Most research on liver in schistosomiasis mansoni infection has focused on histological changes (Andrade & De Azevedo 1987, Lenzi et al. 1998, Baptista & Andrade 2005) despite quantitative aspects of liver structure have been also studied (Silva et al. 2000). In recent years, stereology has been extensively used as a standardized and quantitative tool in liver injuries relating to clinical studies (Franzen et al. 2005, Lazzarini et al. 2005) and experimental evaluation of nutritional effects of high-fat diet (Aguila et al. 2003). However, its application in schistosomiasis mansoni has been little explored. Stereological analysis revealed that mice peak granuloma formation was already reached 8 days after injection of Sepharose beads in single-sex infected mice compared with 16 days in naive animals (Jacobs et al. 1997). Zinc-deficient mice infected with Schistosoma mansoni had more eggs trapped in the livers, smaller median liver volume and median granuloma volume per eggs than well-fed diet mice (Friis et al. 1998). Surprisingly, hepatic alterations in simultaneous schistosomiasis and fatty liver disease are unknown. The aim of this work is to quantify hepatic alterations in schistosomiasis mansoni-infected mice fed a high fat-rich diet.
MATERIALS AND METHODS
Animals - Female Swiss Webster mice (3 wk old) were obtained from the Laboratory Animals Breeding Center (Oswaldo Cruz Foundation, Brazil) and appropriatedly housed. Mice were kept in a temperature (21 ± 1ºC) and humidity-controlled (60 ± 10%) room, exposed to a 12 h light and dark cycle (artificial lights) and to an air exhaustion cycle. All animal procedures were in accordance with the ethical procedures with investigated animals and were approved by the Oswaldo Cruz Foundation Animal Ethics Committee (PO105-02).
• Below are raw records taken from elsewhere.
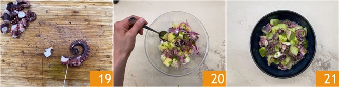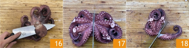 À ce stade, le poulpe sera également cuit : égouttez-le et laissez-le reposer une dizaine de minutes avant de le couper. Séparez la partie de la tête du corps du poulpe 16 et coupez-la en morceaux d'environ 2 cm, divisez le corps en deux 17 et retirez le bec. Retirez la partie avec les yeux. Séparez les tentacules un par un 18.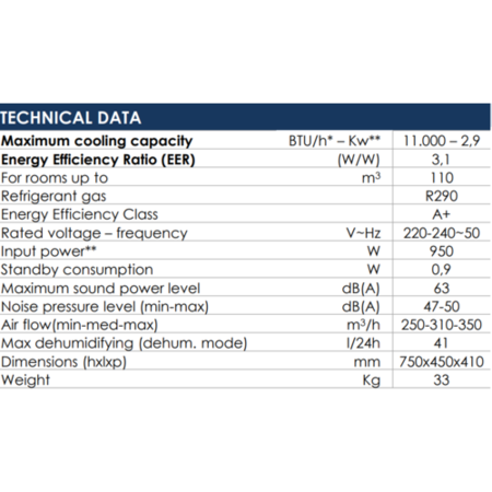 - Powerful cooling (2.9kW)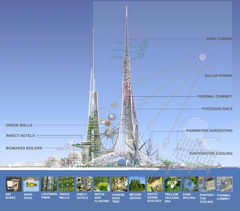 Ma Laurie Chetwood, a capo del team di progettisti, spiega che l’obiettivo non è soplo quello di conquistare il record di grattacielo più alto del mondo: “Abbiamo applicato quante più idee ‘ambientali’ che potevamo, per realizzare la forma e le dimensioni delle torri”.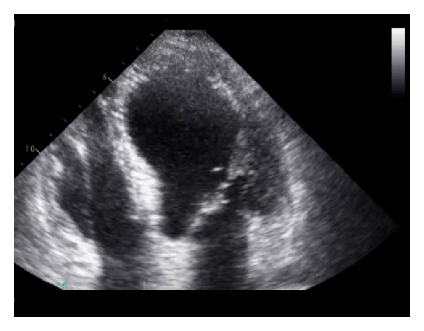A 78-year-old female with a past medical history of diabetes mellitus type II, hypertension, osteoporosis, and asthma was brought into the emergency department by ambulance with severe shortness of breath. She was afebrile, tachypneic (respiratory rate of 28 rpm), with an elevated blood pressure of 185/105 mmHg and heart rate of 111 beats per minute. Her chest X-ray revealed a large left-sided tension pneumothorax. Because of impending respiratory failure, she was intubated and placed on mechanical ventilation. A chest tube was inserted with subsequent reexpansion of the left lung. The patient was admitted to the intensive care unit for monitoring. Cardiac biomarker, troponin I, was found to be elevated at 16.529 ng/mL (reference range: ≤0.1 ng/mL). Serial Electrocardiograms (ECGs) done over the course of 12 hours demonstrated sinus bradycardia, alternating with sinus tachycardia and normal sinus rhythm. Anterior Q waves were seen, along with dynamic T-wave changes and transient ST-segment elevation was also noted in the lateral leads. Transthoracic echocardiogram revealed global left ventricular hypokinesis sparing the basal segments, apical ballooning, and severe systolic dysfunction with an estimated left ventricular ejection fraction (LVEF) of 13% (Figure 1).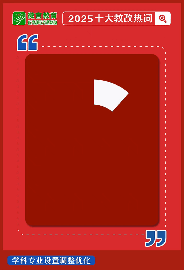近日,教育部新闻办联合国家语言资源监测与研究中心推出“2025十大教改热词”,展现教育强国建设的生动图景。今天,让我们一同走进“2025十大教改热词”系列解读第四期,本期聚焦热词“学科专业设置调整优化”,跟教育小微一起来看——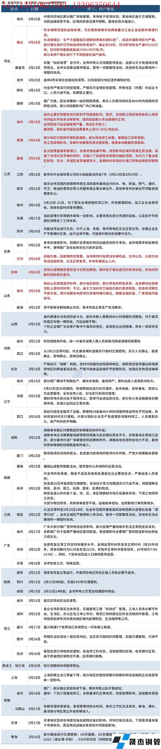 截至3月25日,匯總了20個省份停工復工最新信息。其中,河北唐山市符合保障范圍的運輸車輛,可辦理和使用市縣兩級重點工業企業運輸車輛通行證。江蘇南通部分地區已接到環保檢查通知,部分場地停工休整,廢鋼加工效率受阻。吉林從疫情靜態管控至3月24日將近兩周,鋼市處于毫無成交的停滯狀態,市場何時解封目前杳無音信。具體情況如下:
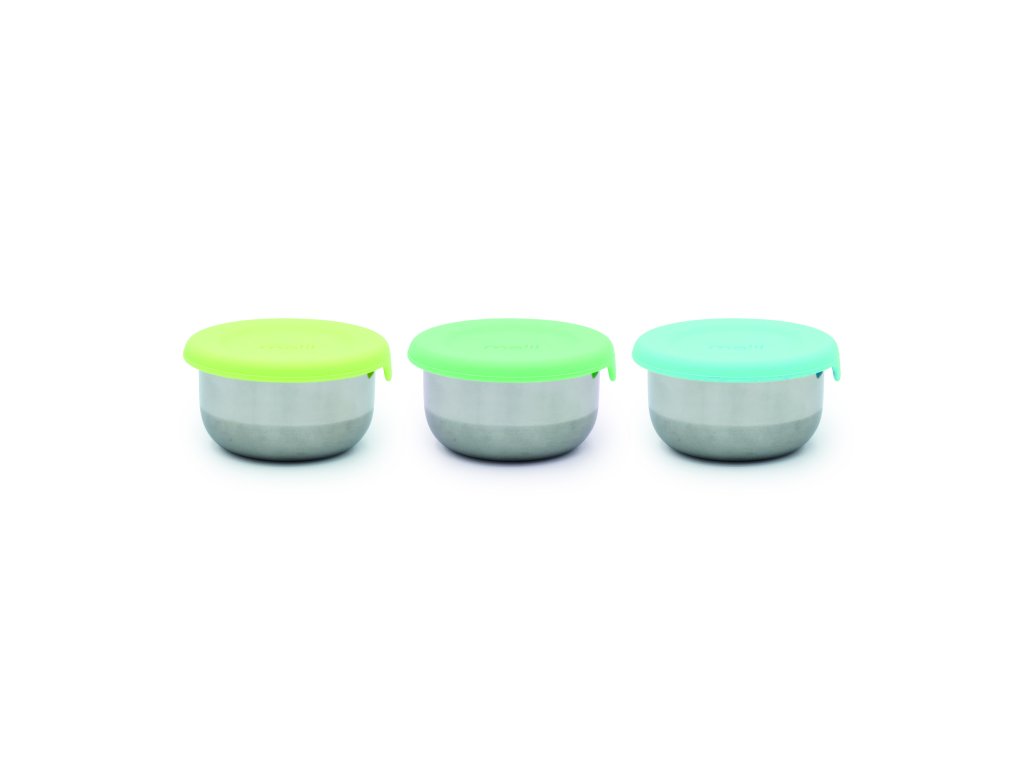 • sada obsahuje 3 nerezové mini dózy s barevnými silikonovými víčky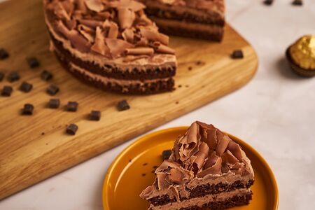 Паровой шоколадный бисквит, мусс на основе молочного шоколада с добавлением молочных сливок. Сверху торт украшен стружкой из бельгийского шоколада. Остаточный срок годности не менее 2 суток. Приборы не предоставляются

Diets - In experimental groups mice fed a high-fat chow (n = 10) containing lard, egg yolks, wheat flour, corn starch, casein and vitamins, and minerals mixture (47% carbohydrates, 24% proteins, 29% lipids) (5.7 kcal/g body wt./day) (Aguila et al. 2002) over a period of 8 months. The ingredients were purchased from commercial sources and were weekly prepared in our laboratory and stored at +4ºC. The major ingredient proportions and the total combustible energy (kj/kg and kcal/kg) of experimental diet are shown in Table I. Standard mice chow group (n = 10) fed a commercial standard chow (Nuvilab, Paraná, Brazil) containing 12% fat, 28% protein, and 60% carbohydrate (4.6 kcal/g body mass/day). All animals had free access to water and food throughout the experiment.
Biochemical parameters - One day before the end of the experiment, mice were food-deprived overnight before blood collection. Blood samples were obtained by puncture of the retro orbital sinus. The following biochemical parameters were analyzed: total cholesterol (TC), triglycerides (TG), low-density lipoprotein cholesterol (LDL-C), high-density lipoprotein cholesterol (HDL-C), and very-long-density lipoprotein cholesterol (VLDL-C).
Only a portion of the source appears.